Owlcat’s CBR V Review #24 of Marmee & Louisa, the Untold Story of Louisa May Alcott and her Mother by Eve Laplante

NPR thought this was one of the best books of 2012 and as a result, I had been long intending to read it, not only because of their recommendation and high praise, but also because, since my ‘tweens, I had been a huge fan of Louisa May Alcott, totally loving Little Women and Little Men, though not aware then of her other novels, nor her poetry that was mostly addressed to her parents.  Like most people, too, I had been under the assumption that much or most of her influence and encouragement came from her father.

I have to admit, however, that I disagree with NPR and, instead, found this book to be dry and written as if it were someone’s doctorate dissertation.  Laplante is a descendent of Louisa May Alcott and had access to her and her family member’s diaries, the ones that weren’t destroyed by the family as they approached death, and it’s her interpretations of these intimate works as well as historical documents and issues that she uses to establish her premise that LMA’s mother had influenced her more greatly than her father ever did.

She begins the book with a detailed account of her mother’s upbringing and the historic figures and events occurring around her – these followed the American Revolution before and after and life in Boston for the most part.

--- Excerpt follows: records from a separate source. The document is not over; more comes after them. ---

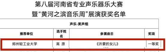 近日,从刚刚闭幕的第八届河南省专业声乐器乐大赛决赛暨“黄河之滨音乐周”展演上传来好消息。我校艺术教育中心高原博士在比赛中荣获声乐-美声组一等奖。这是我校第一次获得该项大赛一等奖,同时也是唯一一个获得一等奖的非音乐专业院校。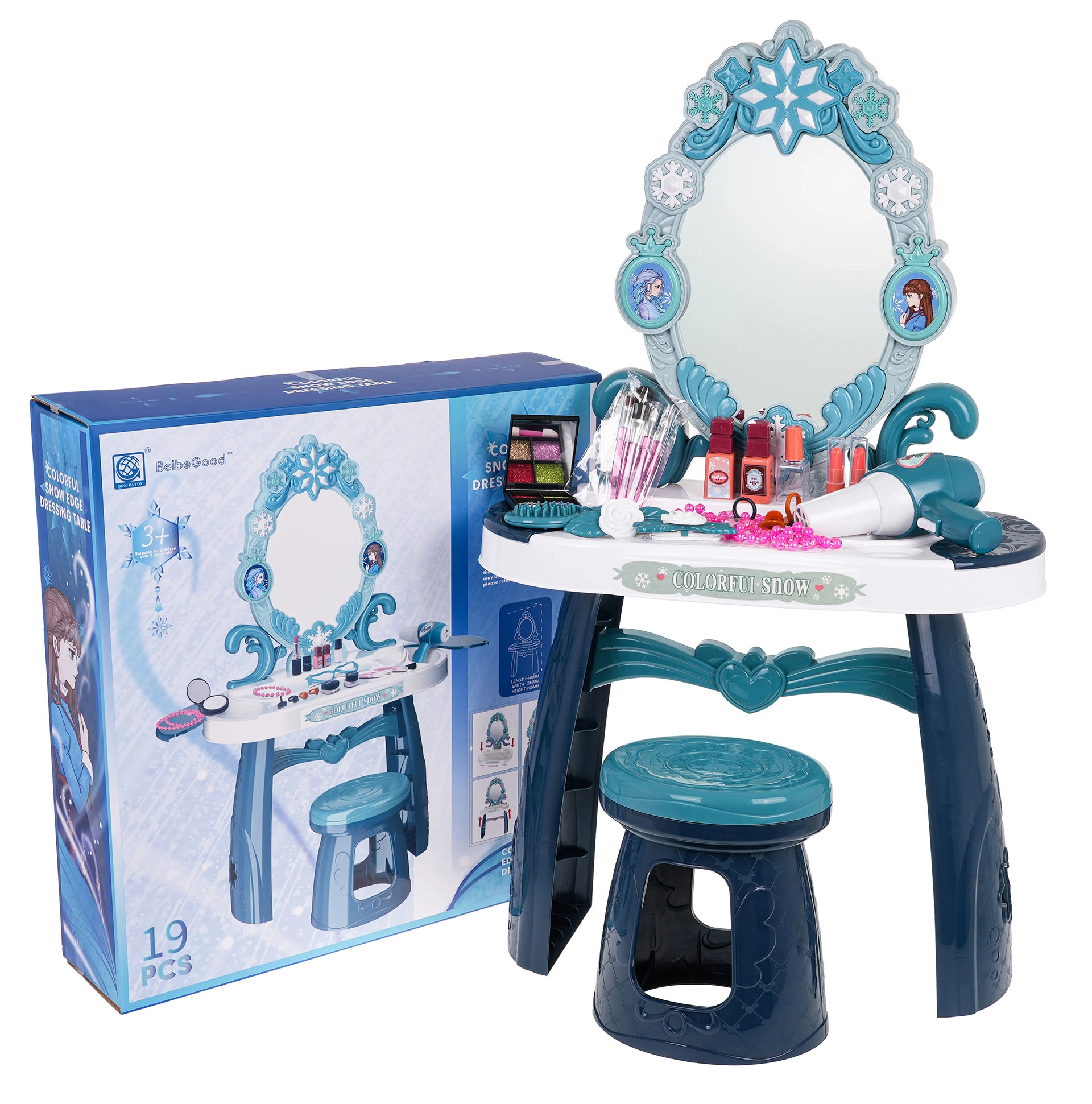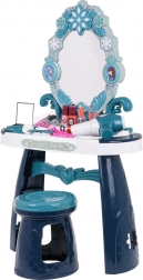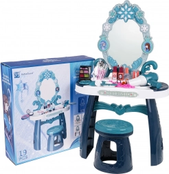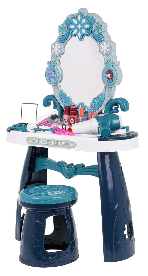 - destiné aux enfants à partir de 3 ans, .- fabriqué en plastique de la plus haute qualité aux couleurs éclatantes, .- joli miroir décoré, .- effets sonores, .- effets lumineux, .- plateau spacieux de la coiffeuse, .- structure stable, .- fauteuil/tabouret confortable, .- sèche‑cheveux avec sons de soufflerie, .- large assortiment d’accessoires de maquillage factices. .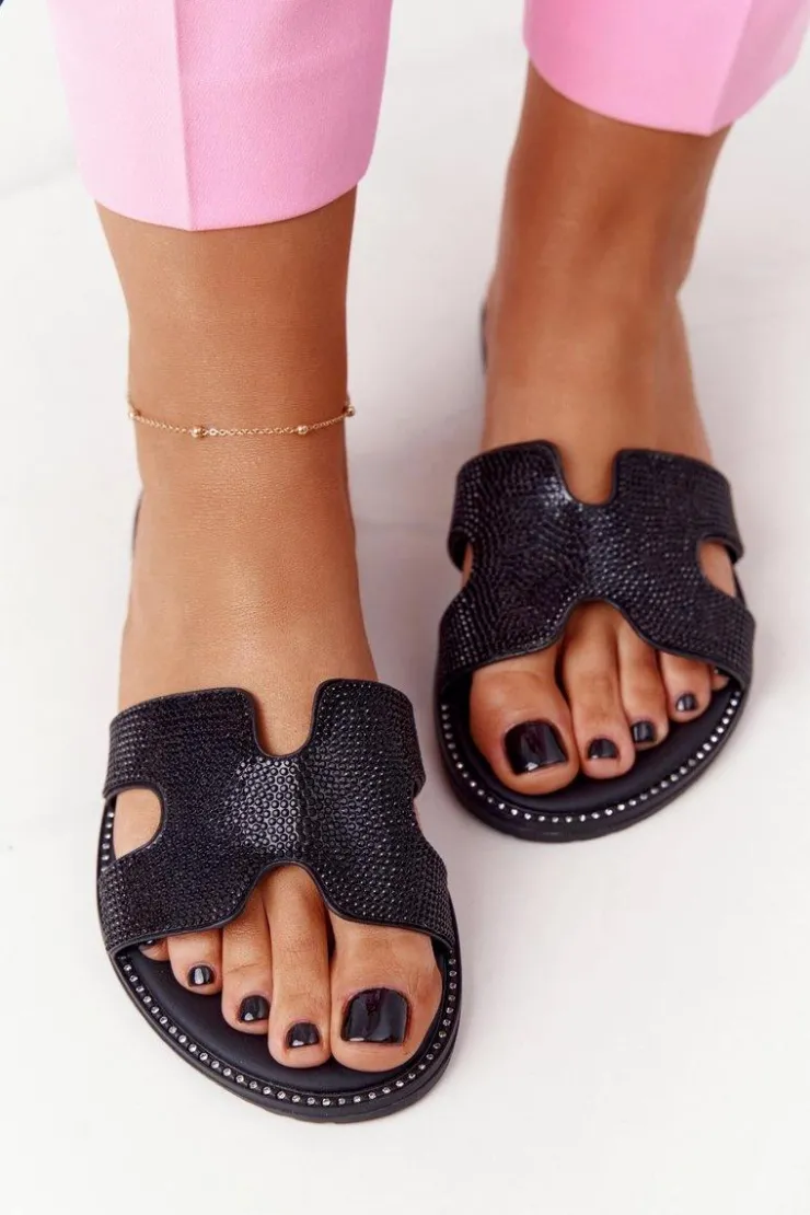 Eleganckie klapki z cyrkoniami. Buty wykonane są ze skóry ekologicznej z dbałością o każdy detal. Miękka wkładka ze skóry naturalnej oraz antypoślizgowa podeszwa zadbają o Twój komfort. Klapki dopełnią wiele letnich stylizacji! Koniecznie sprawdź całą naszą kolekcję damskich klapek. Przy wyborze rozmiaru prosimy sugerować się tabelą rozmiarów.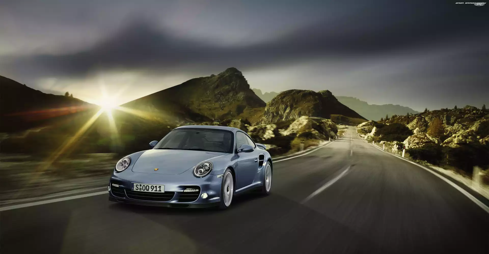 Samochód: Słońca, Turbo, Samochód, Promienie, Góry, 911, Porsche, Droga
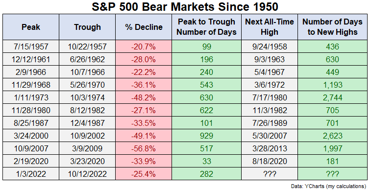 I looked at every bear market going back to 1950 to see how long it has taken for the market to reach new all-time highs from the previous peak.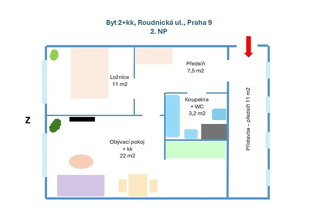 Velkou přidanou hodnotou je další přičleněná prosvětlená předsíň k bytu původně sloužící jako společná chodba v domě. Díky tomu umožňuje předsíň vybudovat více úložného prostoru nebo vytvořit např. pracovní kout.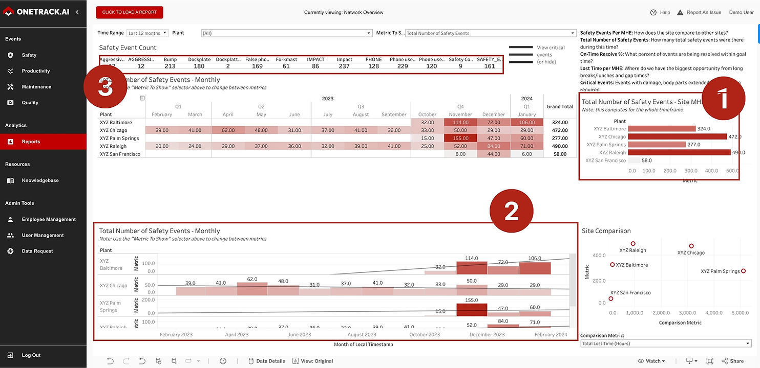 Lastly, do a site comparison on this dashboard view, and filter by “Total safety events”. This stack ranks your warehouse safety events by site while taking into account how many MHE are actually at each site.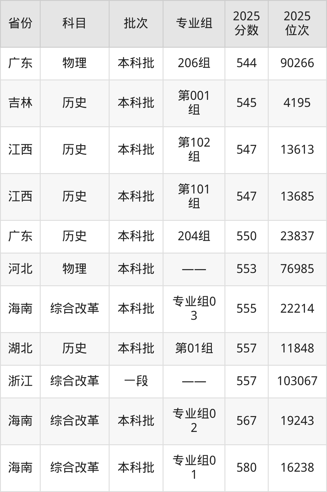 最高录取分数线是580分,对应位次是16238名,招生地区为海南。
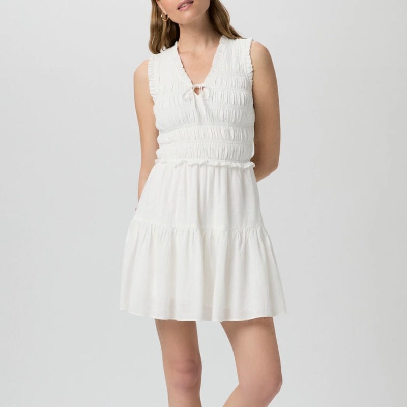 Paige Fraise Dress in White. Crafted from a light and airy cotton/rayon material in white, this sleeveless smocked mini dress is designed with a v-neckline with a tie detail and a tiered skirt. Pair the Fraise Dress with sandals during the day and heels at night for an effortlessly chic look.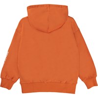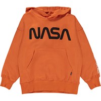 Orange hoodie with a black print on the front that says, "NASA", with "Space for All" down one sleeve. This hoodie is in 100% cotton, and it has a pouch pocket, rib at the sleeves and bottom and is in a loose fit. Wear the hoodie with the Adan joggers in the same print for the perfect set.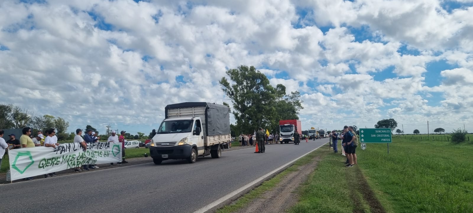 Con el control de la Gendarmería Nacional y la Policía de la Provincia de Santa Fe, en dos momentos de la mañana se intervino el tránsito por minutos, para desplegar las banderas donde se advertía sobre el vaciamiento de la empresa, la necesidad de los sueldos y la urgencia de reactivación.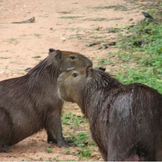 Los capibaras son "vecinos" de una pareja de tapires, que pertenecen al mismo orden que los caballos, y se parecen un poco a los rinocerontes, que son sus parientes vivos más cercanos.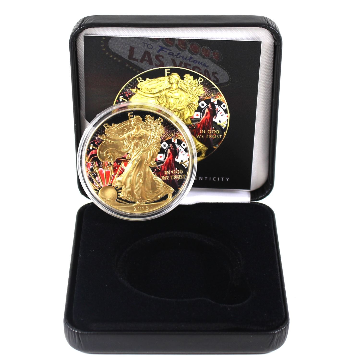 2015 USA $1 Coloured/Gilt 'Vegas Casino' 1oz Fine Silver Eagle (Tax Exempt) Coin comes encapsulated with a serialized COA and display box. Mintage 0155/500.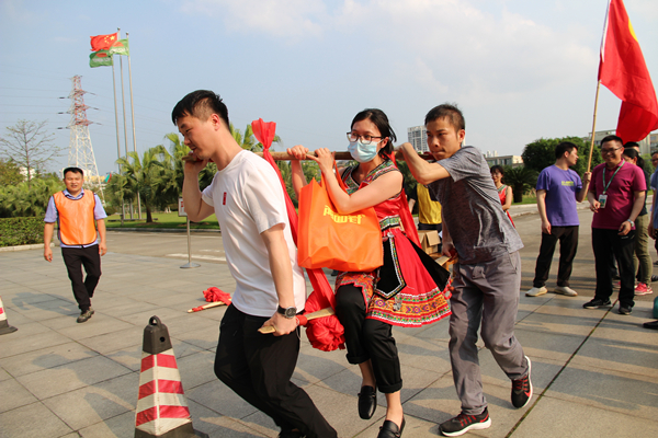 第三關(guān)“我愛兩面針——產(chǎn)品選送”,考驗(yàn)的是團(tuán)隊(duì)協(xié)同作戰(zhàn)能力。參賽隊(duì)員們按照訂單要求,選取對應(yīng)的兩面針產(chǎn)品,由兩名隊(duì)員用扁擔(dān)抬一名身著民族服裝的女員工進(jìn)行產(chǎn)品配送,繞過障礙,到達(dá)終點(diǎn)——“勞動創(chuàng)造幸?!?。

Throughout her own life, the mother was thwarted by society and tradition in terms of education and access to independence and, though clearly an intelligent and creative woman, had great difficulty living under these circumstances.  That time period did not allow a woman to be much more than chattel and to be instead, subservient to her family and later her spouse.

According to Ms. Laplante, Bronson Alcott, LMA’s father, was incapable of viewing his effects on his family that his Utopian philosophies imposed on them.  He tried and failed at numerous conventional jobs as a teacher and when he attempted to establish his own schools;  at first he would do well but as his teachings became more radical, even the more liberal families would take their children out of his schools.  LMA’s mother did much to help with the teaching, supporting him through his various attempts, and eventually even becoming what would be considered a social worker (one of the few positions allowed to a woman) in order to help support the family.  His move to Concord and his establishment of his community there, Fruitlands, resulted in near starvation at times for his family and only through help from friends (including Ralph Waldo Emerson and other renowned philsophers) were they able to cope. Society would pity Mrs. Alcott and the children and would be critical of Bronson because he so often failed and abandoned his family for long tours through the country espousing his philosophy, but society wouldn’t allow Mrs. Alcott to do anything beyond the norm for those times.

Consequently, because she was always the present parent, when she realized LMA’s talents and determination, she seemed to vicariously push her into the direction of writing for a living.  Her health was somewhat fragile over time and LMA also was influenced by this, feeling her father was in many ways responsible for her condition, and it was up to her to help her mother and to give her what she needed to overcome everything she had endured with her father.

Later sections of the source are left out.